_REQUIREMENT_
Reproduce only this stretch of the listing below: from the line with "Hugh Kelly CEO" through the line with "Wardrobe from the", exactly as written, with pictures excluded.

_TASK INPUTS_
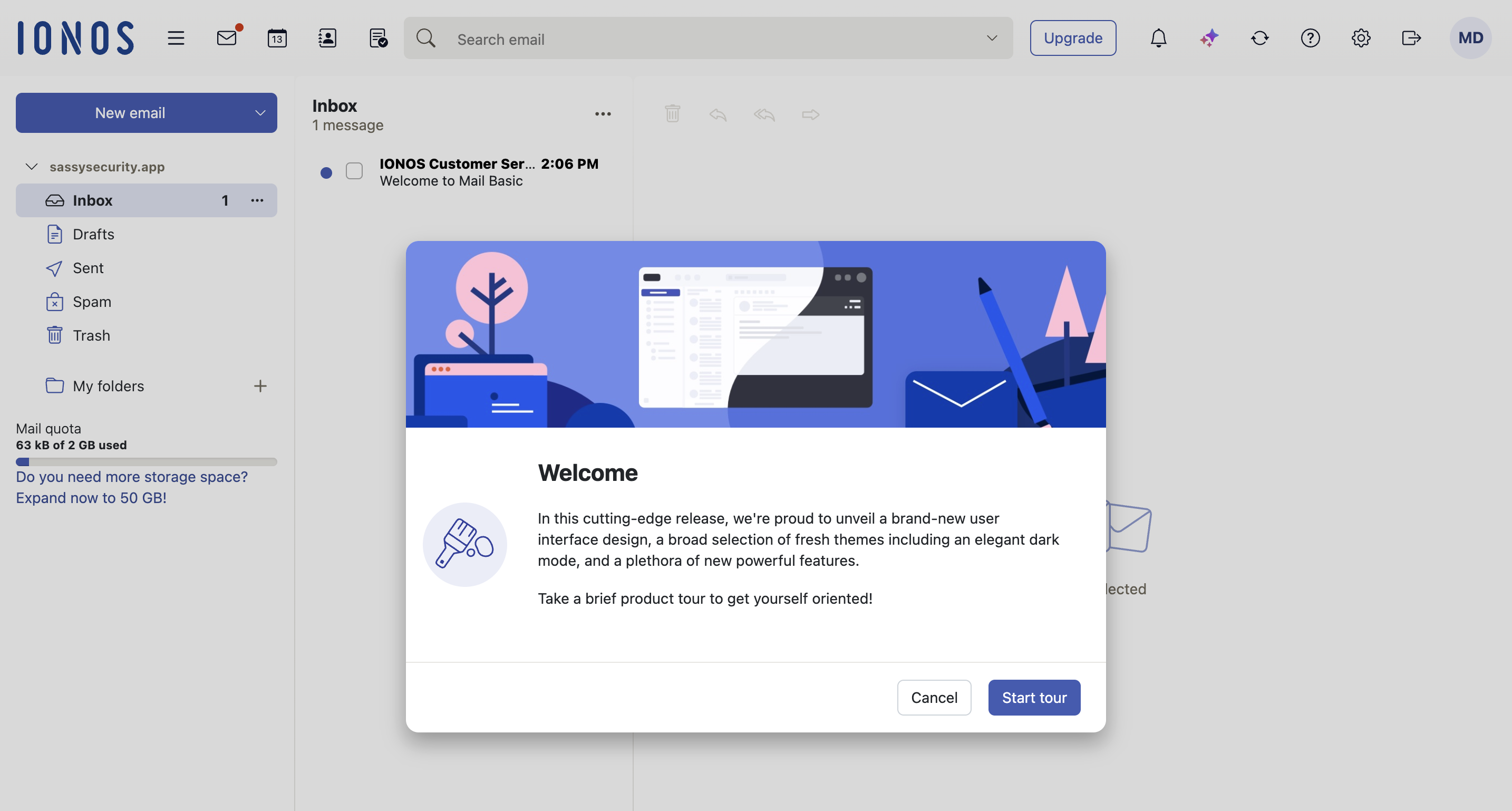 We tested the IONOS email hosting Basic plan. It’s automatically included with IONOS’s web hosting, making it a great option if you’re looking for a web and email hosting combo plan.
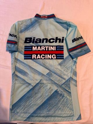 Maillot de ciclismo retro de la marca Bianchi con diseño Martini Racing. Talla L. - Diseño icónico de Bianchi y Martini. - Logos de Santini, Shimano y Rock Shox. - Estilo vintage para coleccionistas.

--

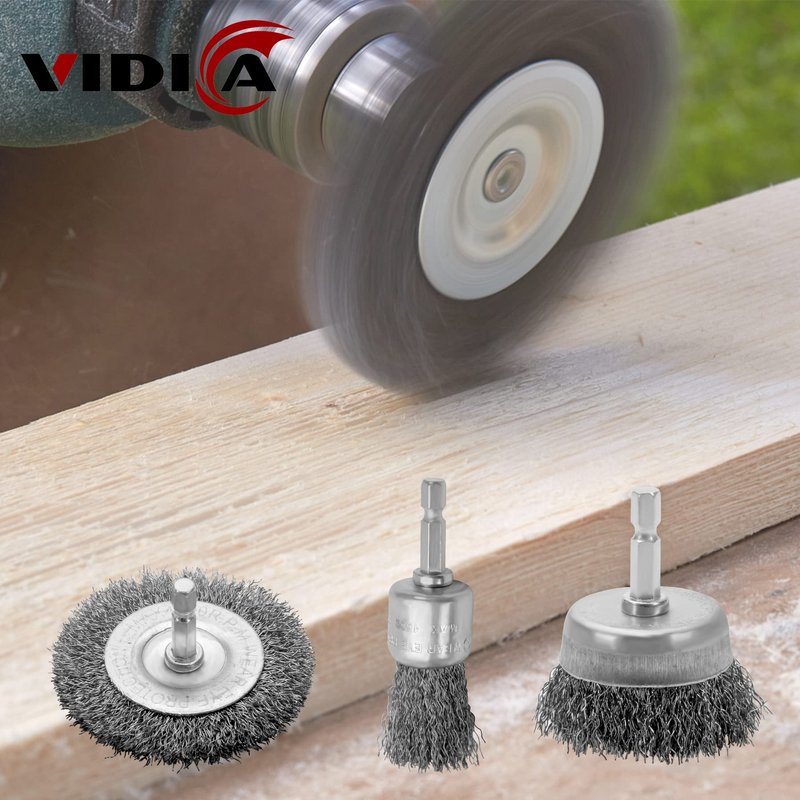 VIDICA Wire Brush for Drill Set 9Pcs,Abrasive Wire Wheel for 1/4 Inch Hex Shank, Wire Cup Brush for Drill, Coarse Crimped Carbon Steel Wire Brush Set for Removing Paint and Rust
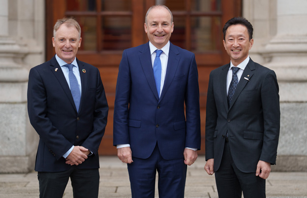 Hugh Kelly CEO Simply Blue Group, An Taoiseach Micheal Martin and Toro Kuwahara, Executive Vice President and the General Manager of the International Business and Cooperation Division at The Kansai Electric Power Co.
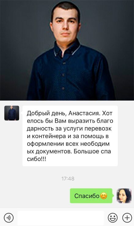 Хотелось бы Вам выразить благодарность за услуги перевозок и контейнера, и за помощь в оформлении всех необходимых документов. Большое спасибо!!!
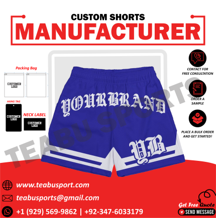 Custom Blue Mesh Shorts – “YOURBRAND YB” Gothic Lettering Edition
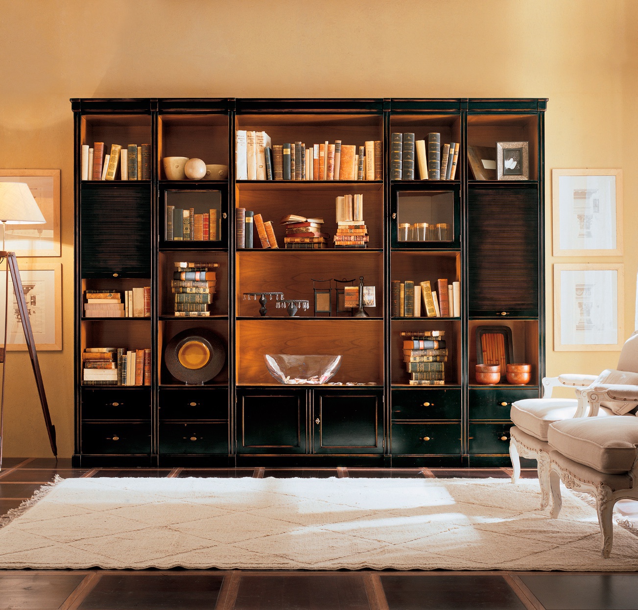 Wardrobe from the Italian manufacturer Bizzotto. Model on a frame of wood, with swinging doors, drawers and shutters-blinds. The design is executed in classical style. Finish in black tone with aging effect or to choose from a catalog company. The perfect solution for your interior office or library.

---

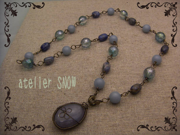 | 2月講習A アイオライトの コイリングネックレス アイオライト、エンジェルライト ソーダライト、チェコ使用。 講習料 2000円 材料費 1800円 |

_RESULT FOR THIS TASK_
 Hugh Kelly CEO Simply Blue Group, An Taoiseach Micheal Martin and Toro Kuwahara, Executive Vice President and the General Manager of the International Business and Cooperation Division at The Kansai Electric Power Co.
 Хотелось бы Вам выразить благодарность за услуги перевозок и контейнера, и за помощь в оформлении всех необходимых документов. Большое спасибо!!!
 Custom Blue Mesh Shorts – “YOURBRAND YB” Gothic Lettering Edition
 Wardrobe from the Italian manufacturer Bizzotto. Model on a frame of wood, with swinging doors, drawers and shutters-blinds. The design is executed in classical style. Finish in black tone with aging effect or to choose from a catalog company. The perfect solution for your interior office or library.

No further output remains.